Road to ML Engineer #27 - Layer Normalization

In the last article on LSTM, we discussed how its structure can mitigate the vanishing gradient problem, though it can still suffer from the exploding gradient problem. In the article, Road to ML Engineer #15 - Unstable Gradients, we discussed that gradient clipping can address the exploding gradient problem. However, another technique was mentioned as the most powerful one against unstable gradients: batch normalization.

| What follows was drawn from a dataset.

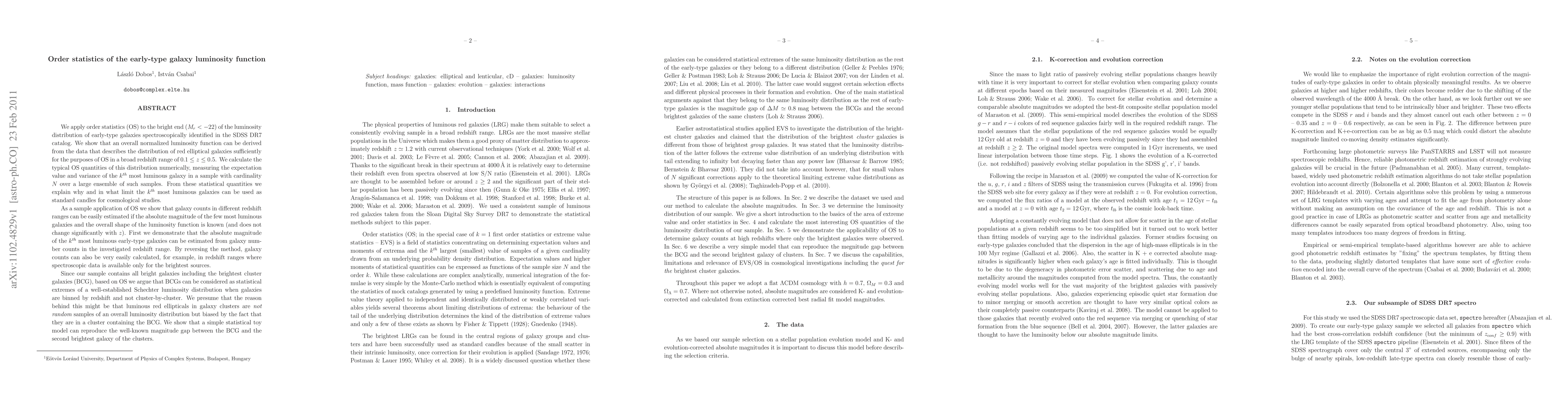 This paper uses order statistics to analyze the luminosity distribution of early-type galaxies in the SDSS DR7 catalog, finding that the brightest galaxies, including brightest cluster galaxies (BCGs), can serve as standard candles in cosmology. It argues that BCGs are statistical extremes of a luminosity distribution, not random samples, and proposes a simple model explaining the magnitude gap between BCGs and other cluster galaxies.

However, batch normalization doesn't make sense when sequence lengths differ among data points in a batch, as it normalizes the activations by taking the mean and variance of each activation within the batch. Batch normalization can also perform poorly when the batch size is small. Hence, batch normalization is infeasible for RNNs or LSTMs, which can take inputs and produce outputs of varying lengths.

Layer Normalization

To solve this problem, we can introduce layer normalization, where activations are normalized by taking the mean and variance of all the activations for each data point. This allows the outputs to have varying lengths and makes normalization independent of batch size. The following shows the mathematical expression of layer normalization.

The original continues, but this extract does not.